В защищенных от прямого ветра изломах скалистых круч Швартин и Евтеев неожиданно обнаружили горные зеркала: бурые, почти черные полированные поверхности зеркал скольжения, которые четко выделялись на ноздреватых стенах песчаников. Порой эти зеркала были двухметровой величины. Их блестящая поверхность словно бы уходила бесконечно далеко в глубину скального массива, а отражение в них словно бы выступало вперед ясным и объемным призраком. Удивительное чувство охватывало глядевшего на свое отражение в горном зеркале. Казалось, что встретился с самим собой через толщу времени и пространства. Эти полированные природой поверхности странно притягивали, словно входы в таинственные тоннели, ведущие в глубину каменных масс.

"Не отсюда ли возникла легенда, что путь в Шамбалу ведет подземными ходами?.." - невольно подумал Евтеев.

...Было за полдень, когда их "Нива" покинула стоянку и, резво набирая скорость, покатила дальше в просторы Гоби, в неизвестность...

15

ИЗ ЗАПИСЕЙ СЮНЯЕВА

"Человек, упорно занимающийся самообразованием - лучшим образованием из всех существующих, - упорно стремящийся понять окружающий Мир; проходит через несколько переломных стадий в своем развитии. Нагляднее всего это можно показать на эволюции его отношения к науке и ее деятелям.

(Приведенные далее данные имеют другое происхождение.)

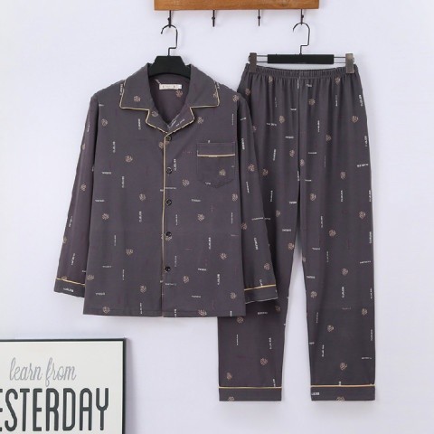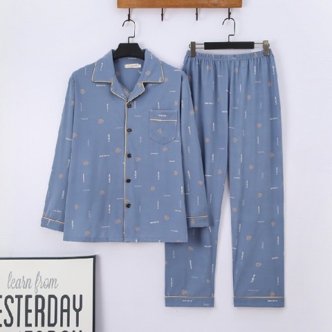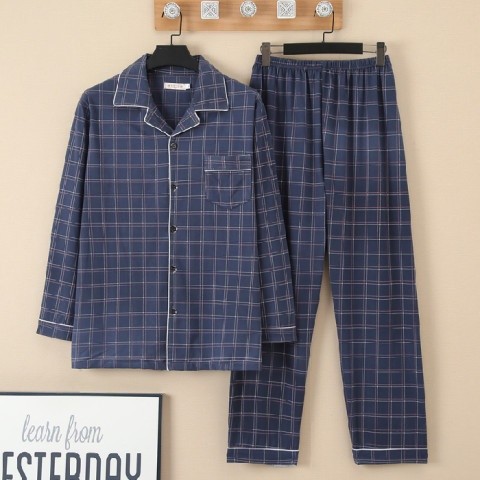 Dad Cotton Sleepwear Men's Long Sleeve Cardigan Pajamas Set for Men Husband Father's Day Gift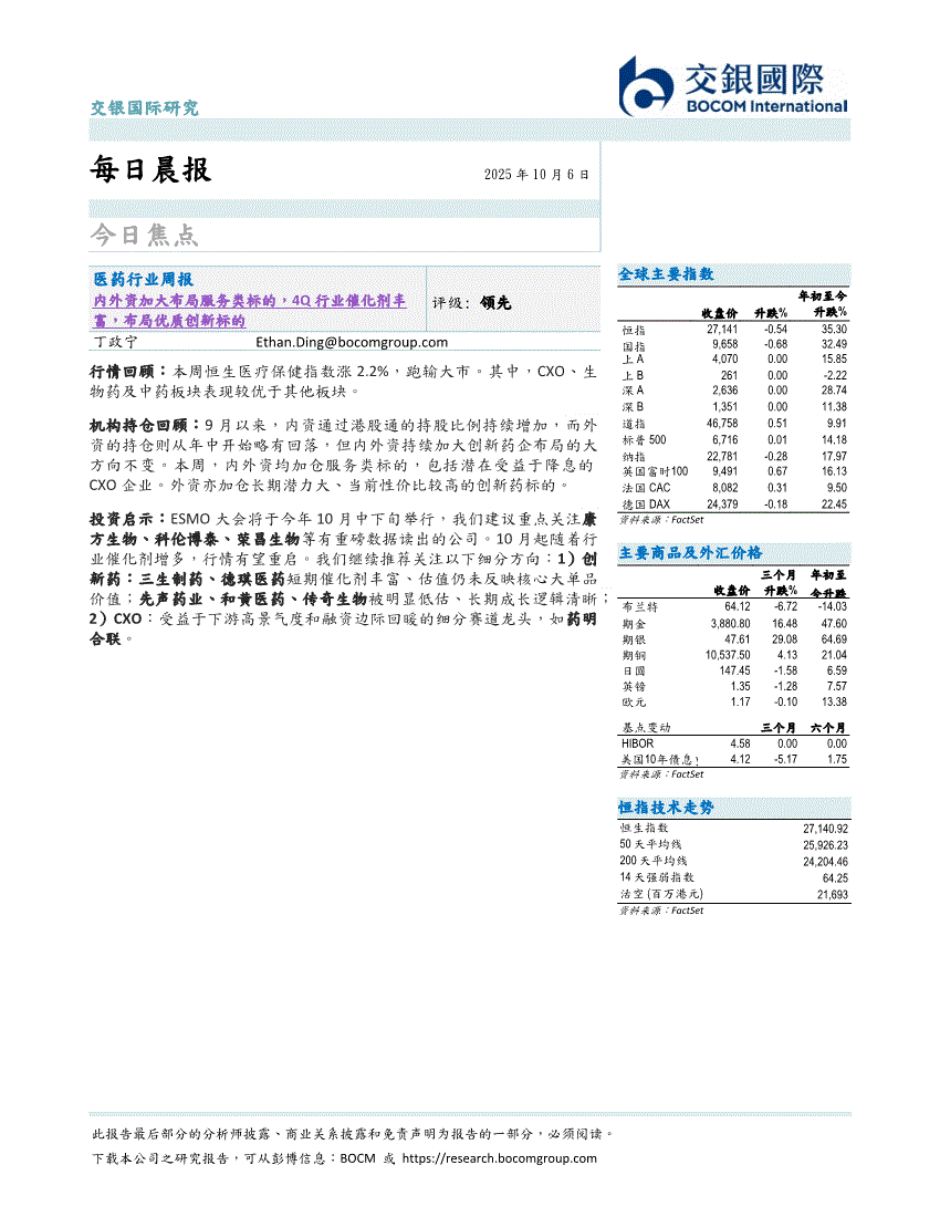 交银国际-医药行业周报:内外资加大布局服务类标的,4Q行业催化剂丰富,布局优质创新标的-251003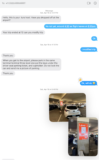 Attempts to reach Emmanuel or Turo? Crickets. I ended up leaving the car in a garage, Finally I got a hold of Turo (as instructed by Turo after they couldnât reach him either) so I wouldnât miss my flight. Then, in the middle of the night, Emmanuel called and texted meâdrunk, angry, and confused. I tried to help him get treatment. Turo? Not so much.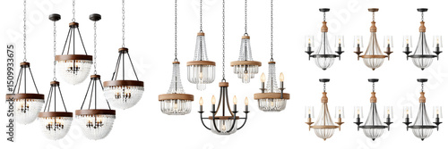 Stylish pendant lamps featuring glass shades, metallic finishes, and wooden accents, perfect for modern and rustic home decor designs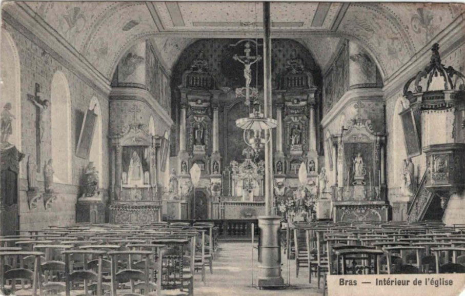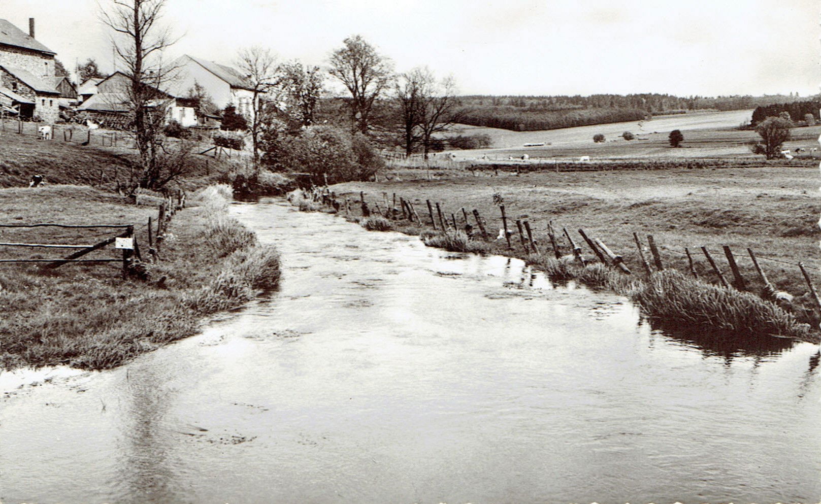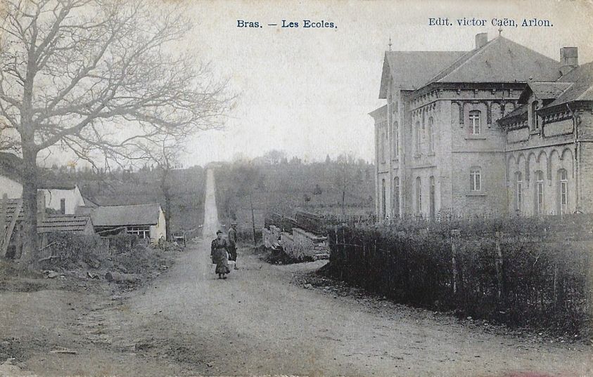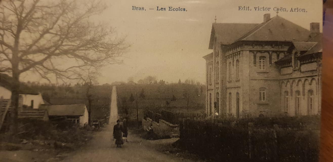 Belle vue de Bras. A l'avant plan ,le traineau qui servait a déblayer la neige. Il était tracté par des chevaux. Le traineau s'appelait la sorcière! Durant des années il y en avait un à l'entrée de Poix St Hubert en venant de St Hub et non utilisé puis il a disparu. On savait refermer le V lors d'un rare croisement avec un véhicule ou route plus étroite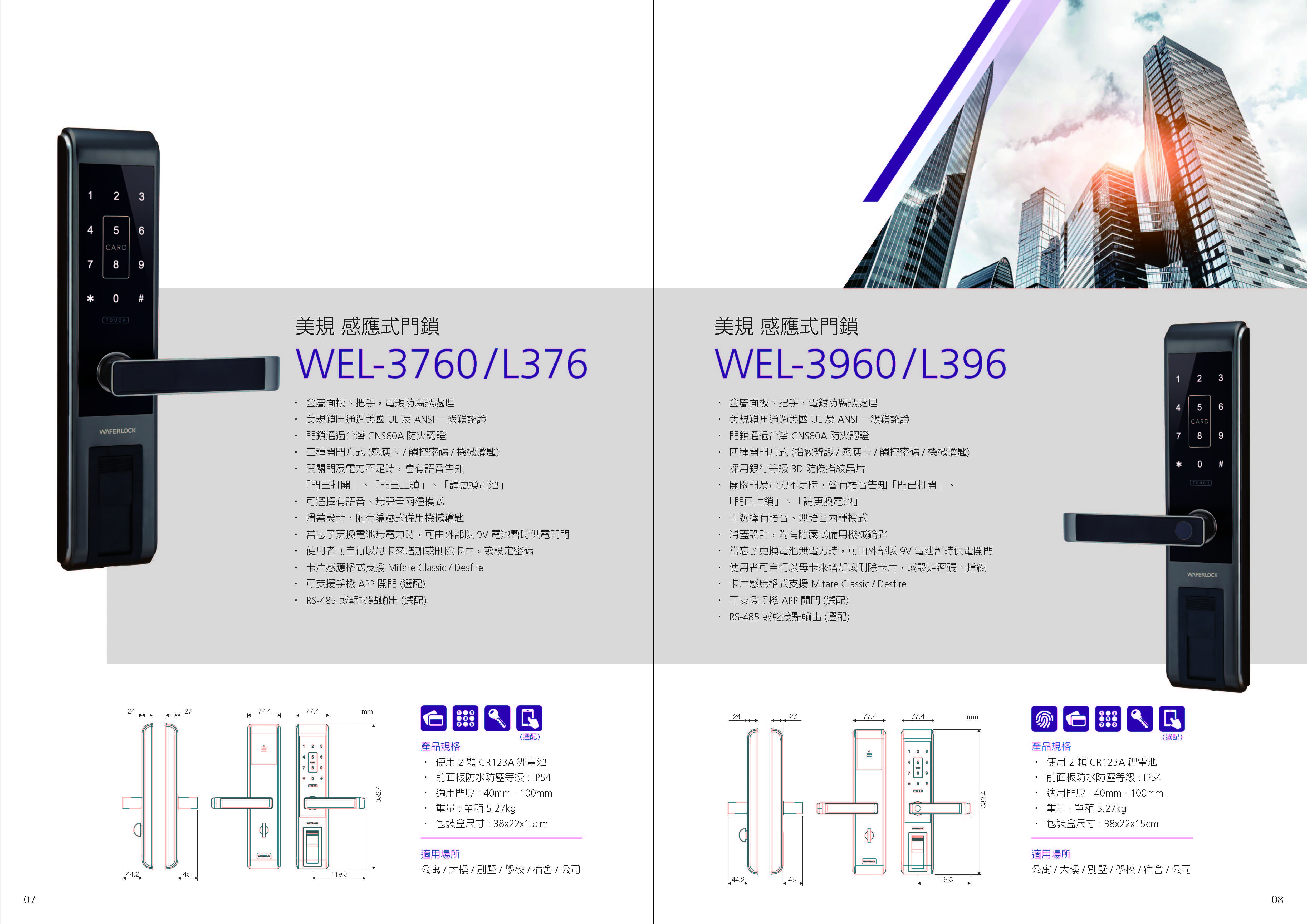 華豫寧WaferLock電子感應門鎖系統 L376/L396

Вначале достижения науки и ее возможности представляются настолько громадными, что если что-то и неясно пока науке в этом мире - то лишь самая малость. Все причастные к науке (даже аспиранты) - это совершенно особые люди. Кандидат, доктор наук, профессор, академик - синонимы безусловных авторитетов. Поражает, как много могут знать некоторые люди.

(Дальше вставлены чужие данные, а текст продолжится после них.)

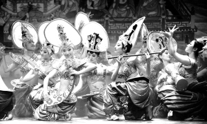 《丝路花雨》又进京 7月29日晚,作为庆祝新中国成立60周年献礼演出的剧目之一,新版经典舞剧《丝路花雨》30周年纪念演出在北京国家大剧院戏剧场上演。此为该剧第1600场的公演。获多项殊荣的《丝路花雨》取材于敦煌莫高窟壁画艺术,由甘肃省歌舞剧院创作于1979年。 新华社记者 张燕辉 摄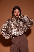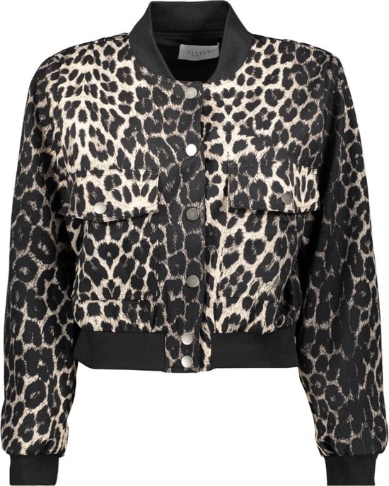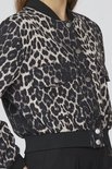 Manteau court de SisterS Point avec un motif animalier intégral. Ce modèle possède un col côtelé et des boutons pression. Cette veste possède des manches longues et des poches à rabat sur le devant. Lavage à la main, repassage à basse température max 110°c, pas de javel, pas de sèche-linge, pas de nettoyage à sec
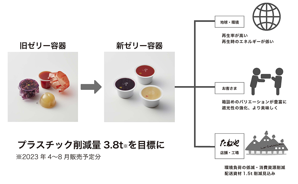 たねやでは昨年容器を変更した「本⽣⽺羹」にくわえ、「トマトゼリー」「ブルーベリーゼリー」「清⽔⽩桃ゼリー」の容器変更でプラスチック削減量3.8tを⽬指します。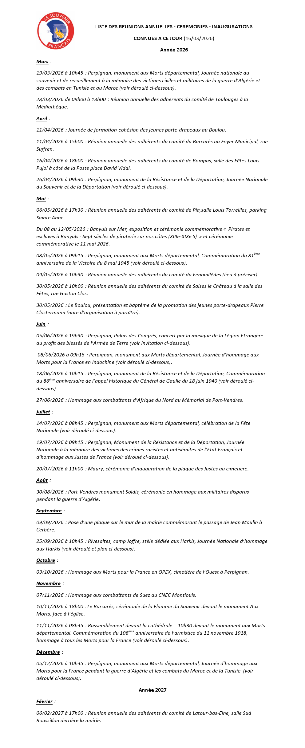 Liste des réunions annuelles - cérémonies - inaugurations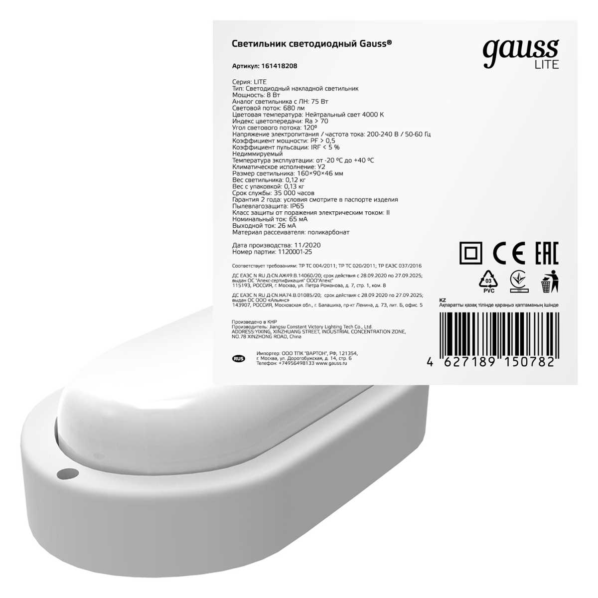 Настенно-потолочный светодиодный светильник Gauss Lite 161418208
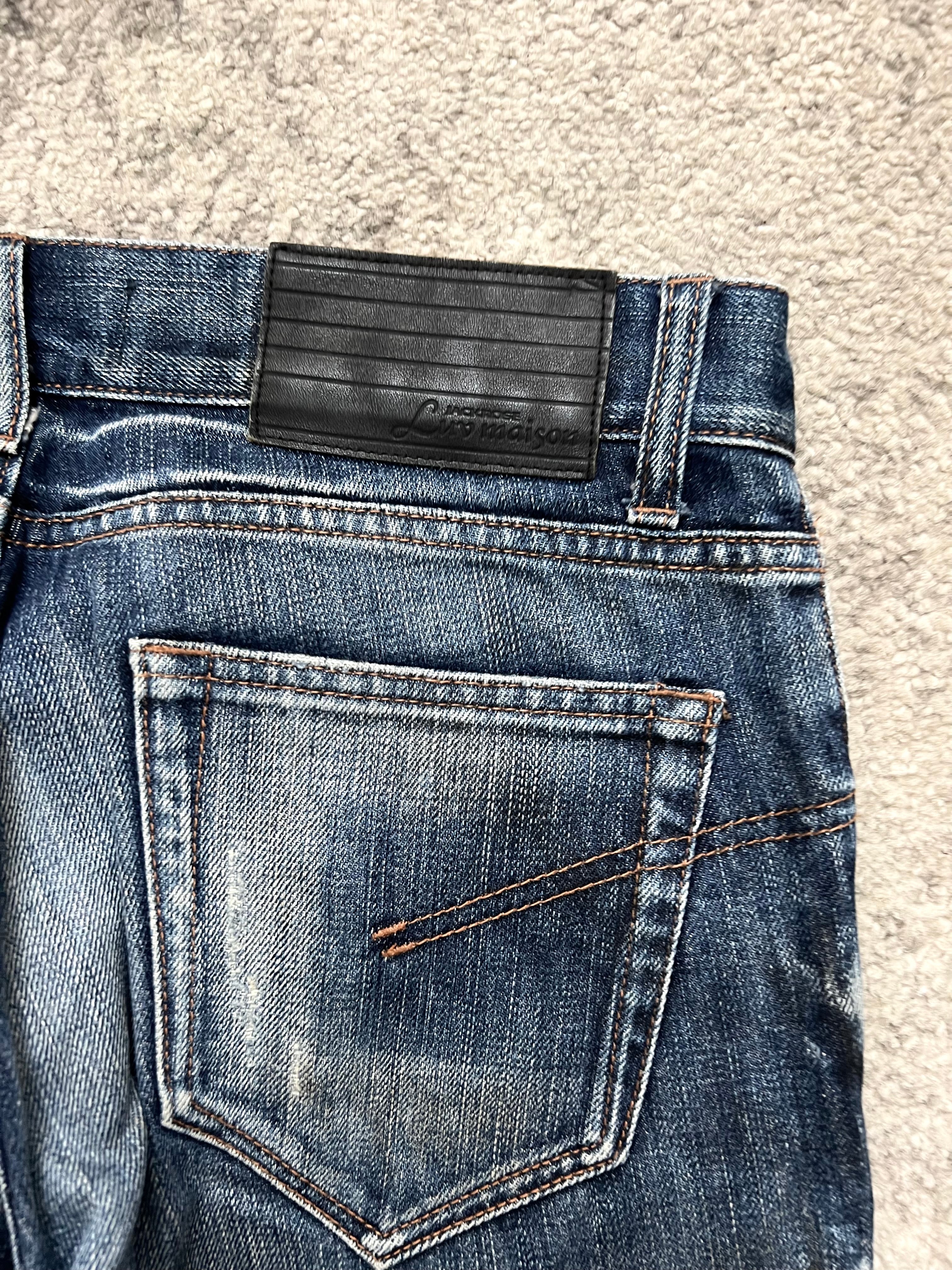 A pair that feels like feedback from a radio too far gone — scarred, distorted, unforgettable. Worn indigo grounded by streaks of static white, with punctured knees and whispering threadbare zones. A shape caught between noise and calm.

Вторая стадия - постепенное возникновение и укрепление понимания, что Мир вовсе не так уж понятен даже с позиций современной науки, она не знает ответа как на многие фундаментальные вопросы, так и просто на очень многие вопросы. Кандидаты наук, доктора, профессора, академики уже не предстают монолитной когортой безусловных авторитетов. Проясняется, что среди них есть люди талантливые, живущие научным поиском (каких, к сожалению, меньше, чем хотелось бы) и люди, для которых наука привлекательна в первую очередь как источник материальных благ и социального престижа (таких, к сожалению, гораздо больше, чем это допустимо, и становится все больше в процентном отношении к талантливым и увлеченным). Выясняется, что мужи науки отнюдь не всегда руководствуются благородным поиском истины, но порой и соображениями конъюнктурными, желанием сохранить завоеванное положение и т.п.

Эта стадия обычно является и конечной. Ее можно определить, как постепенное обретение реалистического взгляда на достижения, возможности и состояние современной науки и _некоторое_ понимание того, насколько уже открытое ею мало по сравнению с неоткрытым в окружающем мире.

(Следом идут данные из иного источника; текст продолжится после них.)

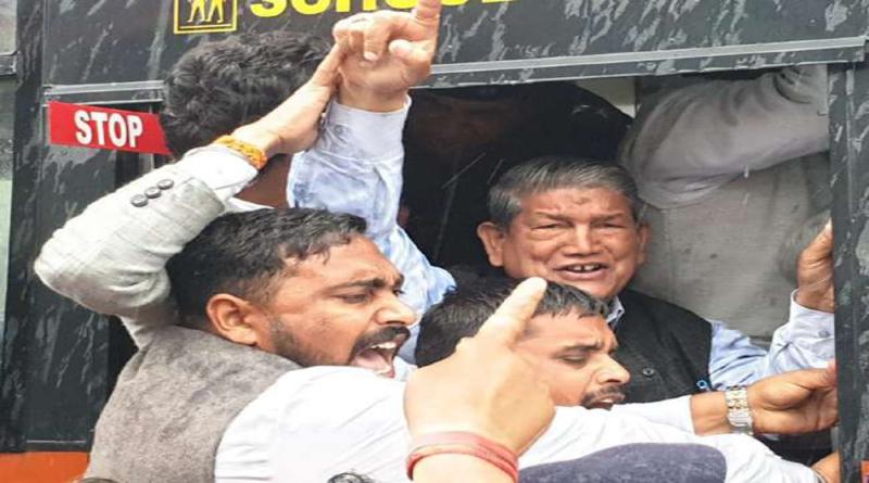 हल्द्वानी: प्रधानमंत्री नरेन्द्र मोदी का विरोध करने रुद्रपुर जा रहे पूर्व मुख्यमंत्री व कांग्रेस के राष्ट्रीय महासचिव हरीश रावत और नेता प्रतिपक्ष इंदिरा हृदयेश समेत सैकड़ों कार्यकर्ताओं को प्रशासन ने गिरफ्तार कर लिया है। गिरफ्तार पूर्व मुख्यमंत्री हरीश रावत ने बस के अंदर से ही काली जैकेट लहराई और कहा कि चौकीदार चोर है। हल्द्वानी से नेता प्रतिपक्ष इंदिरा हृदयेश के नेतृत्व में कई पदाधिकारी और कार्यकर्ता नारेबाजी करते हुए रुद्रपुर के लिए रवाना हुए थे।

Но некоторые идут гораздо дальше. Идут по пути индивидуального, личного познания. Это познание без радиотелескопов и синхрофазотронов (хотя все новейшие научные достижения и гипотезы во всех областях знания ему необходимы), постижение философское, в значительной степени основывающееся - из-за малости и скудности наших знаний о мире - на интуитивных догадках и прозрениях, способность к которым, неуклонно развиваемая, достигает у таких людей поразительной мощи, как и способность к синтезу, казалось бы, разрозненнейших фактов. С наукой все ясно, ее - если можно так выразиться - "величина" уясненная еще на предыдущей стадии, идет уяснение "величины" мира.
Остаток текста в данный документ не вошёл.